WHAT YOU HAVE TO DO: An exact copy is needed of the lines from the one that contains "Vintage Glittery Winter" through the final line of the data below, with pictures left out.

DATASET SECTION:
# # # #

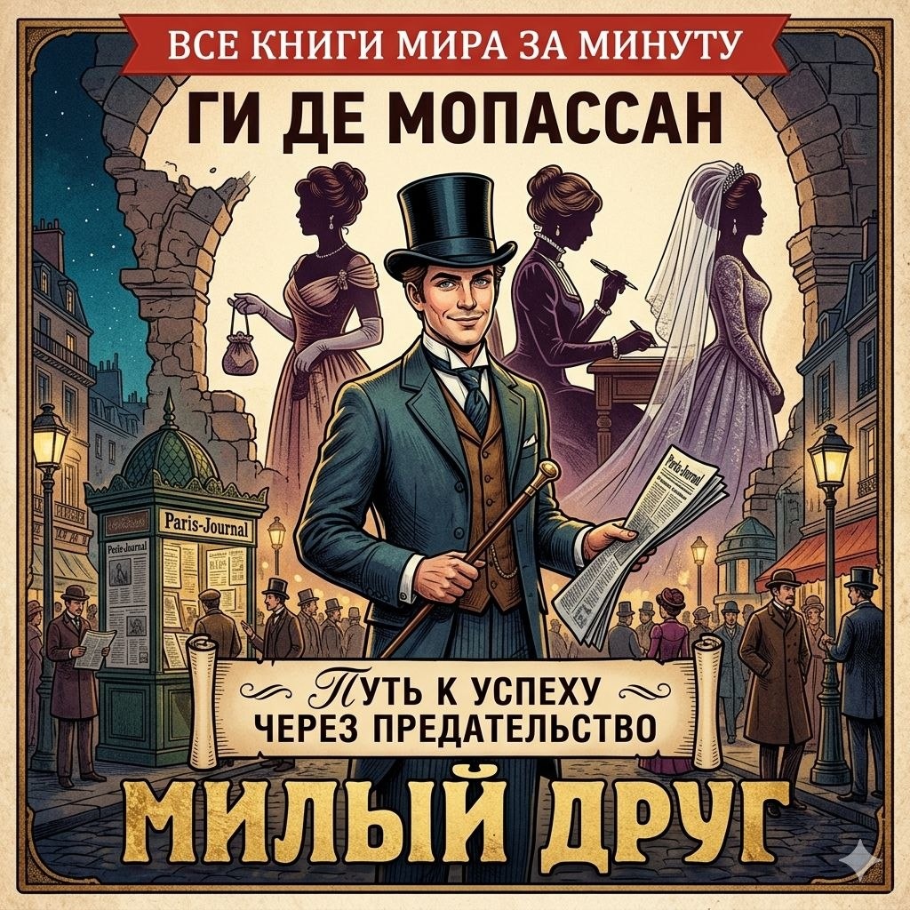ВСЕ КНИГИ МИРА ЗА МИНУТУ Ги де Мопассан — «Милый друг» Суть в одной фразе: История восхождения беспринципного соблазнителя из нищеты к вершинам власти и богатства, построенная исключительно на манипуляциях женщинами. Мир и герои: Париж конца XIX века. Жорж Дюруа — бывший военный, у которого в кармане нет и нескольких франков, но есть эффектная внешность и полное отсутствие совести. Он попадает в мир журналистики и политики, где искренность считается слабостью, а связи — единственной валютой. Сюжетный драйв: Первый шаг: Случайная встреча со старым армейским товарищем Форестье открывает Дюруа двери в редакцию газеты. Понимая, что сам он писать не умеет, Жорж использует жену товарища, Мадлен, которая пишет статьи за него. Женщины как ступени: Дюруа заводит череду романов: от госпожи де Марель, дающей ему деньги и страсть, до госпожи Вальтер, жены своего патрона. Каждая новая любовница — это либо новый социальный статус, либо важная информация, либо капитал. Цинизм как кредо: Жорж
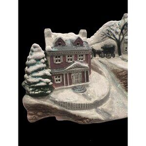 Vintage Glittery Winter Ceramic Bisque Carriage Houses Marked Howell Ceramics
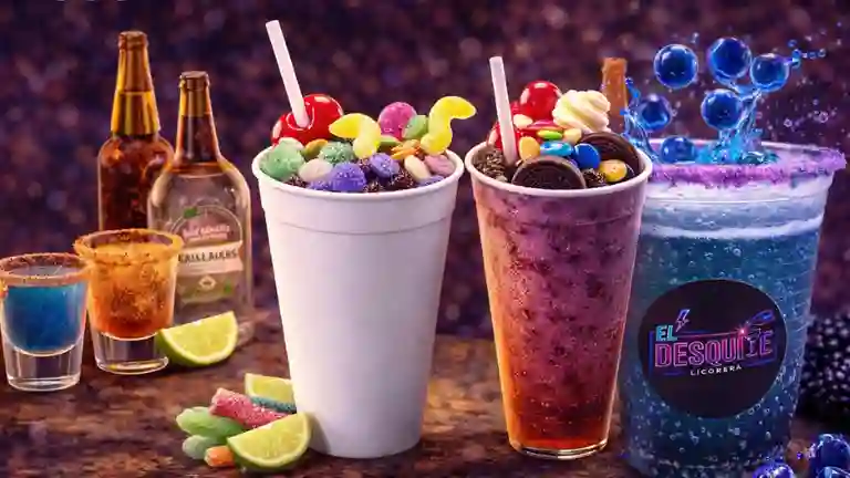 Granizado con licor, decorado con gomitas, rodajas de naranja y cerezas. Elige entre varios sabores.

# # # #

ANSWER SECTION:
 Vintage Glittery Winter Ceramic Bisque Carriage Houses Marked Howell Ceramics
 Granizado con licor, decorado con gomitas, rodajas de naranja y cerezas. Elige entre varios sabores.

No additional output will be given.